Omen

A lightweight Kubernetes chaos engineering operator with transparent target selection and optional manual approval.

Overview

Omen lets you declaratively define chaos experiments against your workloads. Each run:

Selects a fixed set of target pods (preview)
Optionally waits for manual approval
Executes the chaos action against those exact targets
Records per-target results and a summary

Two CRDs are provided:

Experiment — defines the schedule, target selector, action, safety limits, and approval policy
ExperimentRun — a single execution instance created by the controller, holding the target preview, approval state, and results

Roadmap

Curious about what's coming next? Check out our Roadmap to see our plans for advanced target filtering, ChatOps integrations, and more!

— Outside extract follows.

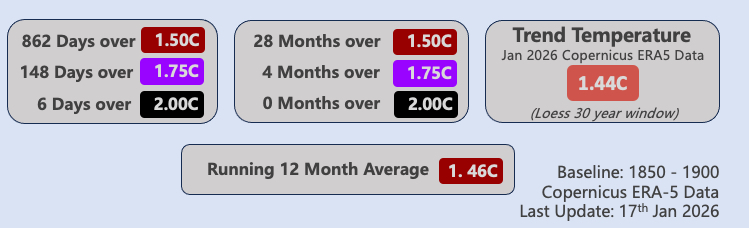 The counts shown here are based on “Copernicus ERA-5” daily global 2m surface temperatures (see GMST Data Sets and Copernicus 1850-1900 Baseline – Daily GMST Anomaly). As per Climate Reporting – Why so many different values the Copernicus data is midway between “Berkeley Earth” (which runs 0.08C hotter) and “NOAA / GISSTemp” (which both run about 0.08C colder). All the GMST Data Sets I have been working with have virtually the same trends, with most of the difference in reported anomaly happening before the 1970s.
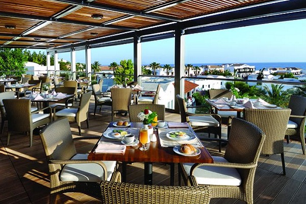 Отель работает по системе "всё включено". В главном ресторане Ambrosia - блюда местной и интернациональной кухонь, шведский стол, таверна Athena - греческие и интернациональные блюда, лобби-бар Βacchus, пляжный бар Pelagos , бар у бассейна Poseidon, диско-бар Filippos

Breaking Changes in v0.3.0

Version 0.3.0 introduces a major architectural shift to an opt-in sidecar model for network chaos, replacing the old ephemeral containers approach.

Namespace Opt-in Required: You must explicitly label target namespaces with chaos.kreicer.dev/enabled=true.
Sidecar Injection: A mutating webhook now automatically injects the omen-agent sidecar into pods in enabled namespaces.
Removed Flags: The ProtectedNamespaces CLI flag and Helm value have been completely removed in favor of the new opt-in label system.

Install via Helm

helm install omen oci://ghcr.io/k-krew/charts/omen \
  --namespace omen-system \
  --create-namespace \
  --version <version>

To customise the installation:

helm install omen oci://ghcr.io/k-krew/charts/omen \
  --namespace omen-system \
  --create-namespace \
  --version <version> \
  --set manager.leaderElect=true \
  --set resources.limits.memory=256Mi \
  --set manager.agentImage="ghcr.io/k-krew/omen-agent:<version>" \
  --set manager.agentPort=9999

Controller flags

Flag	Default	Description
`--webhook-timeout`	`10s`	Timeout for outgoing approval webhook HTTP requests.
`--leader-elect`	`false`	Enable leader election for HA deployments.
`--metrics-bind-address`	`0`	Address for the metrics endpoint (`0` disables it).
`--health-probe-bind-address`	`:8081`	Address for liveness/readiness probes.
`--agent-image`	`ghcr.io/k-krew/omen-agent:v0.3.1`	Container image injected as the `omen-agent` sidecar into target pods.
`--agent-port`	`9999`	Port the agent sidecar listens on. Change if it conflicts with application ports.

Examples

Ready-to-apply YAML manifests live in the examples/ directory:

File	Description
`delete-pod-once.yaml`	One-shot pod deletion, fixed count
`delete-pod-percent.yaml`	One-shot pod deletion, percentage-based
`delete-pod-repeat-approval.yaml`	Recurring deletion with manual approval and webhook notification
`network-fault-latency.yaml`	Inject 100ms latency + 10ms jitter for 5 minutes
`network-fault-packet-loss.yaml`	Drop 30% of packets for 3 minutes
`network-fault-blackhole.yaml`	Complete network blackhole (100% packet loss) with approval gate

To approve a pending run:

kubectl patch experimentrun <run-name> \
  --type=merge \
  -p '{"spec":{"approved":true}}'

Action Types

`delete_pod`

Deletes the selected pods. Supports force: true for immediate deletion (grace period 0).

`network_fault`

Injects network chaos into target pods using Linux Traffic Control (tc netem). The controller sends HTTP requests to the omen-agent sidecar running inside each target pod, which applies and removes the fault. The fault is automatically rolled back after the configured duration.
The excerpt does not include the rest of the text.